Re: roadmap for Apache cTakes "big data" processing

Posted by Andy McMurry <mc...@gmail.com>.

Good point Pei. 

We would need to do a spike (short sprint) in the future to see if Mahout would be a good fit. 
I'm just wondering because I'm planning out how I will be using cTakes, and was wondering how others are planning as well.


Cheers, 
--ANdy 


On Apr 28, 2013, at 5:39 PM, "Chen, Pei" <Pe...@childrens.harvard.edu> wrote:

> Has anyone tried Mahout recently?
> Last time I tried, it was still closely tied to the Hadoop file system. 
> 
> Sent from my iPhone
> 
> On Apr 28, 2013, at 7:44 PM, "Andy McMurry" <mc...@gmail.com> wrote:
> 
>> I encourage committers to checkout Apache Mahout 
>> https://cwiki.apache.org/confluence/display/MAHOUT/Algorithms
>> 
>> Why Apache Mahout? 
>> 1. provides ML classifiers and functions not available through UIMA
>> 2. parallel by design, transparently invokes Hadoop  
>> 3. Java and Apache license (every other known toolkit is GPL!) 
>> 4. likely to become standard ML package for Apache 
>> 
>> Why would we use mahout in cTakes? 
>> cTakes models are "provided", for example PoS tagging. 
>> Retraining these models on your own compute cluster would be difficult  (in my opinion). 
>> LibSVM is nice, but it is only one classification method. 
>> 
>> When ? 
>> No rush, however, I suggest we dont invest time in porting SINGLE-CPU classifier functions that we will have to parallelize, later. 
>> 
>> Summary: 
>> UIMA + mahout = pipelines + classification 
>> 
>> 
>> 
>> 
>> On Apr 28, 2013, at 4:26 PM, "Savova, Guergana" <Gu...@childrens.harvard.edu> wrote:
>> 
>>> +1 
>>> --guergana
>>> 
>>> -----Original Message-----
>>> From: Kaggal, Vinod C. [mailto:Kaggal.Vinod@mayo.edu] 
>>> Sent: Saturday, April 27, 2013 11:21 PM
>>> To: <de...@ctakes.apache.org>
>>> Cc: <de...@ctakes.apache.org>
>>> Subject: Re: roadmap for Apache cTakes "big data" processing
>>> 
>>> +1
>>> 
>>> 
>>> On Apr 27, 2013, at 9:05 PM, "Chen, Pei" <Pe...@childrens.harvard.edu> wrote:
>>> 
>>>> +1 for UIMA-AS
>>>> 
>>>> 
>>>> On Apr 27, 2013, at 9:25 PM, "Andy McMurry" <mc...@gmail.com> wrote:
>>>> 
>>>>> I'm writing to gauge community interest and intent for parallel processing with cTakes. 
>>>>> 
>>>>> Apache UIMA is planning "Async Scaleout" as a replacement for CPM. 
>>>>> http://uima.apache.org/doc-uimaas-what.html
>>>>> 
>>>>> Apache Mahout is likely to become the defacto apache package for machine learning. 
>>>>> http://mahout.apache.org/
>>>>> 
>>>>> I believe cTakes will embrace both of these in due time.  
>>>>> Do you agree or do you have a different view?
>>

Re: roadmap for Apache cTakes "big data" processing

Posted by "Chen, Pei" <Pe...@childrens.harvard.edu>.

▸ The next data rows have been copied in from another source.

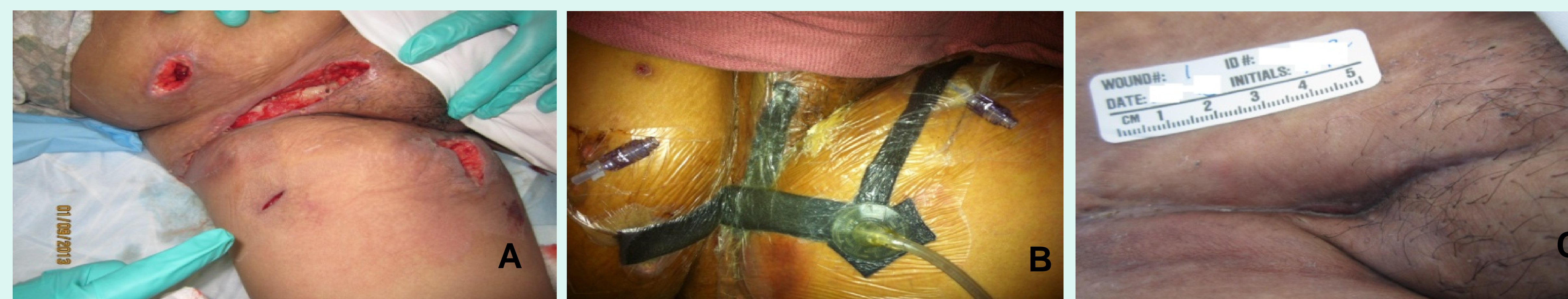
Figure 3. A: 41-year-old patient with NF of the lower abdomen and right upper thigh. Multiple small incisions were used without removing infected fascia, just suctioning out necrotic subcutaneous tissue. B: Instill VAC irrigation was conducted through multiple ports. C: The result was far less scarring with less pain and more rapid healing.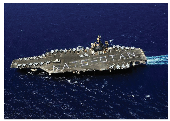
The USS Dwight D. Eisenhower Carrier Strike Group crew spells out NATO on the deck

take active steps to prevent them from becoming larger conflicts. The role accorded to Crisis Management in the Strategic Concept also reaffirms NATO's unique and essential role as a transatlantic forum for consultations on all matters that affect the territorial integrity, political independence, and security of its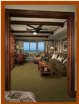
← One bedroom resort suite

possibly imagine, including exceptional golf, full-service spa and fitness center, an elaborate multi-level water and swim pavilion and world-class dining. The property features luxurious appointed suites, villas and private homes.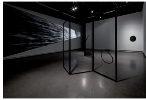
Antonia Hirsch Exhibition views, Negative Space, Gallery TPW, Toronto, 2015.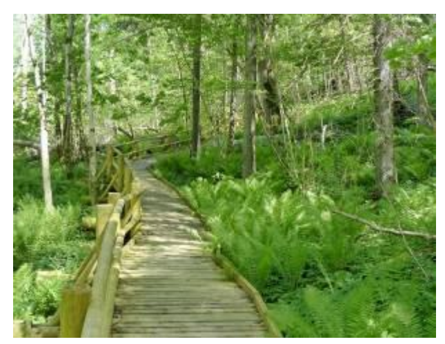
The boardwalk fringed by ostrich ferns (DB)

Most of the group decided to take the circular boardwalk route through the forest where we found a wide variety of plants, typical of old undisturbed forest. Male ferns and common marsh ferns were growing in great profusion but there were also scores of magnificent ostrich ferns with their open demeanour resembling huge buckets. Wood and yellow anemones, ramsons, yellow archangel and woodruff were all in flower and we were delighted to find the pink-flowered perennial honesty, coralroot bittercress, common toothwort, bogbean and yet more delicate birdseye primroses. Wood warblers and blackcaps were in song throughout the walk but the undoubted bird highlight was a splendid male red-breasted flycatcher which David spotted low down in the forest. We didn't actually see any mammals here but did find fresh pine-marten casts on the boardwalk then a much larger pile of wolf dung complete with thick hair, probably from wild boar.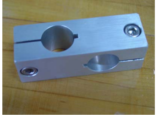
1002-RA Knuckle with double key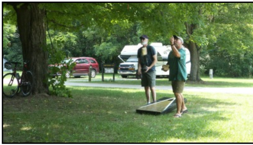
Corn hole competition

Has anyone tried Mahout recently?
Last time I tried, it was still closely tied to the Hadoop file system. 

Sent from my iPhone

On Apr 28, 2013, at 7:44 PM, "Andy McMurry" <mc...@gmail.com> wrote:

> I encourage committers to checkout Apache Mahout 
> https://cwiki.apache.org/confluence/display/MAHOUT/Algorithms
> 
> Why Apache Mahout? 
> 1. provides ML classifiers and functions not available through UIMA
> 2. parallel by design, transparently invokes Hadoop  
> 3. Java and Apache license (every other known toolkit is GPL!) 
> 4. likely to become standard ML package for Apache 
> 
> Why would we use mahout in cTakes? 
> cTakes models are "provided", for example PoS tagging. 
> Retraining these models on your own compute cluster would be difficult  (in my opinion). 
> LibSVM is nice, but it is only one classification method. 
> 
> When ? 
> No rush, however, I suggest we dont invest time in porting SINGLE-CPU classifier functions that we will have to parallelize, later. 
> 
> Summary: 
> UIMA + mahout = pipelines + classification 
> 
> 
> 
> 
> On Apr 28, 2013, at 4:26 PM, "Savova, Guergana" <Gu...@childrens.harvard.edu> wrote:
> 
>> +1 
>> --guergana
>> 
>> -----Original Message-----
>> From: Kaggal, Vinod C. [mailto:Kaggal.Vinod@mayo.edu] 
>> Sent: Saturday, April 27, 2013 11:21 PM
>> To: <de...@ctakes.apache.org>
>> Cc: <de...@ctakes.apache.org>
>> Subject: Re: roadmap for Apache cTakes "big data" processing
>> 
>> +1
>> 
>> 
>> On Apr 27, 2013, at 9:05 PM, "Chen, Pei" <Pe...@childrens.harvard.edu> wrote:
>> 
>>> +1 for UIMA-AS
>>> 
>>> 
>>> On Apr 27, 2013, at 9:25 PM, "Andy McMurry" <mc...@gmail.com> wrote:
>>> 
>>>> I'm writing to gauge community interest and intent for parallel processing with cTakes. 
>>>> 
>>>> Apache UIMA is planning "Async Scaleout" as a replacement for CPM. 
>>>> http://uima.apache.org/doc-uimaas-what.html
>>>> 
>>>> Apache Mahout is likely to become the defacto apache package for machine learning. 
>>>> http://mahout.apache.org/
>>>> 
>>>> I believe cTakes will embrace both of these in due time.  
>>>> Do you agree or do you have a different view?
>

Re: roadmap for Apache cTakes "big data" processing

Posted by Jörn Kottmann <ko...@gmail.com>.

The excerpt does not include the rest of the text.